Training and test models often require a network search to find the optimal hyperparameters, where numerous experiments are performed in parallel until the best set of hyperparameters is determined.
Storing models requires an effective approach to the version and a method for capturing relevant metadata and dimensions about the model.
MLops platforms such as KubeflowA set of open source machine learning tools at Kubernetes provides a cloud-native but platform-agnostic interface for component steps, transforming the complex steps that make up the workflow of information science into work on Docker containers at Kubernetes. ML pipelines.
2. Result services
Once an appropriately trained and approved model has been selected, the model should be placed in a production environment where live data is available to prepare forecasts.
The good news is that the model architecture as a service has made this aspect of ML much easier. This approach separates the application from the model through the API, further simplifying processes such as modeling, repositioning, and reuse.
3. Continuous placement
When significant model slippage is detected, it is important to be able to automatically redesign and reposition ML models.
In the native world of clouds, Native offers a powerful open source platform for creating serverless applications and can be used to run MLops pipelines running on another open source work planner such as Kubeflow or Apache. Air flow.
4. Blue-green placements
With solutions like Seldon Core, it can be useful to create an ML placement with two forecasters – for example, allocating 90% of traffic to an existing (“champion”) forecaster and 10% to a new (“pitch”) forecaster. The MLops team can then (ideally automatically) monitor the quality of the forecasts. Once proven, the placement can be updated to transfer all traffic to the new predictor. On the other hand, if a new forecaster performs worse than an existing forecaster, 100% of the traffic can be transferred to the old forecaster instead.
5. Automatic slip detection
As production data changes over time, model performance may deviate from the original figure due to significant changes in new data against data used in training and model validation. This can significantly damage the quality of forecasting.
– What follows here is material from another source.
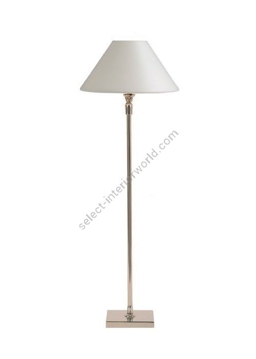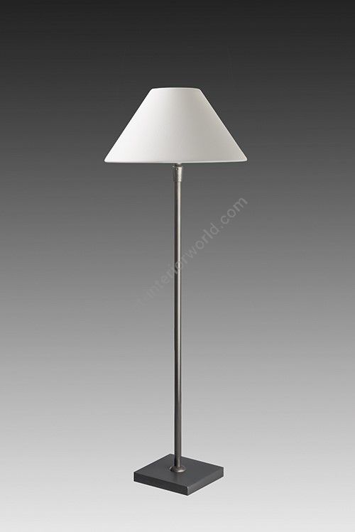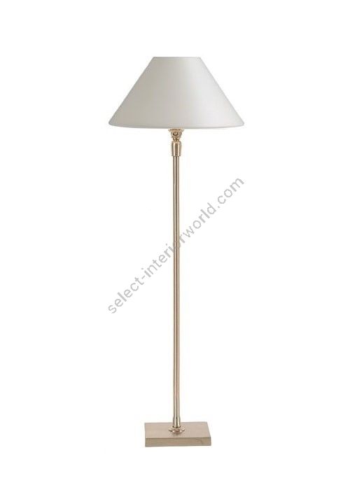 Lamp made in brass. Made with a round tube on a square base. This contemporary lamp discretely decorates your interior. Available in black or matt gold patina, and in nickel or brushed nickel. Also exists in small (L20D) or in medium size (L20E). Presented lamp shade in white cotton chintz in a conical shape (see other available shapes and colours)

Like drift detectors Seldon Alibi Detect can be used to automatically evaluate model performance over time and trigger the model redesign process and automatic displacement.
6. Feature stores
These are These are databases optimized for ML. Feature shops allow information scientists and information engineers to reuse and collaborate on a set of data designed for machine learning – the so-called “features.” The development of functions can be labor-intensive, and access to a set of feature data developed within information science groups can significantly speed up market access while improving the quality and consistency of the overall machine learning model. RECEPTION is such an open source features store that describes itself as “the fastest way to process analytics data for model training and online conclusions.”
By adopting the MLops paradigm for the data lab and taking into account the six sustainability measures – repeatability, accessibility, sustainability, quality, scalability and consistency – organizations and departments can measure and sustain the information team productivity, the long-term success of the AI project. effectively maintain their competitive advantage.
Rob Gibbon is an information platform for Canonical publishers and product manager for MLops Ubuntu.
Welcome to the VentureBeat community!
DataDecisionMakers is a place where professionals, including data technicians, can share ideas and innovations about information.
If you want to read about cutting-edge ideas and the latest data, best practices, the future of data and information technology, join us at DataDecisionMakers.
You can even think contributes to the article own!